1. Microplastics in soils have become an important threat for terrestrial systems as they may potentially alter the geochemical/biophysical soil environment and can interact with drought. As microplastics may affect soil water content, this could exacerbate the well-known negative effects of drought on ecosystem functionality. Thus, functions including litter decomposition, soil aggregation or those related with nutrient cycling can be altered. Despite this potential interaction, we know relatively little about how microplastics, under different soil water conditions, affect ecosystem functions and multifunctionality.
2. To address this gap, we performed an experiment using grassland plant communities growing in microcosms. Microplastic fibres (absent, present) and soil water conditions (well-watered, drought) were applied in a fully factorial design. At harvest, we measured soil ecosystem functions related to nutrient cycling (beta-glucosaminidase, beta-D-cellobiosidase, phosphatase, beta-glucosidase enzymes), respiration, nutrient retention, pH, litter decomposition and soil aggregation (water stable aggregates). As terrestrial systems provide these functions simultaneously, we also assessed ecosystem multifunctionality, an index that encompasses the array of ecosystem functions measured here.

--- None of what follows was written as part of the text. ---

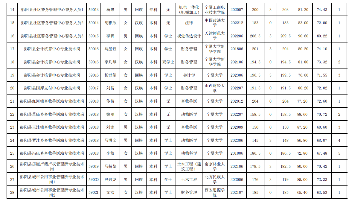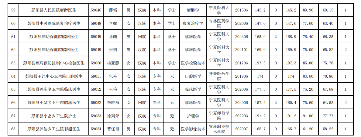 根據(jù)《寧夏回族自治區(qū)事業(yè)單位公開招聘工作人員實施辦法》《寧夏回族自治區(qū)2023年事業(yè)單位公開招聘工作人員公告》要求,經(jīng)發(fā)布公告、網(wǎng)上報名、筆試、資格復審、面試、體檢、考察等程序,現(xiàn)對我縣事業(yè)單位擬聘用的68名工作人員予以公示,公示期為5個工作日,公示時間為2022年8月7日至8月11日。公示期間,如反映公示對象存在問題或問題線索,可采取來信來訪、打電話等方式,向彭陽縣人力資源和社會保障局舉報。來信請寄:彭陽縣人力資源和社會保障局辦公室,郵編:756500,舉報電話:09547012386、7012396。接受電話舉報和來訪舉報時間為公示期間每天上午8:30—12:00,下午14:30—18:30。

3. We found that the interaction between microplastic fibres and drought affected ecosystem functions and multifunctionality. Drought had negatively affected nutrient cycling by decreasing enzymatic activities by up to similar to 39%, while microplastics increased soil aggregation by similar to 18%, soil pH by similar to 4% and nutrient retention by up to similar to 70% by diminishing nutrient leaching. Microplastic fibres also impacted soil enzymes, respiration and ecosystem multifunctionality, but importantly, the direction of these effects depended on soil water status. That is, under well-watered conditions, these functions decreased with microplastic fibres by up to similar to 34% while under drought they had similar values irrespective of the microplastic presence, or tended to increase with microplastics. Litter decomposition had a contrary pattern increasing with microplastics by similar to 6% under well-watered conditions while decreasing to a similar percentage under drought.
4. Synthesis and applications. Single ecosystem functions can be positively or negatively affected by microplastics fibres depending on soil water status. However, our results suggest that microplastic fibres may cause negative effects on ecosystem soil multifunctionality of a similar magnitude as drought. Thus, strategies to counteract this new global change factor are necessary.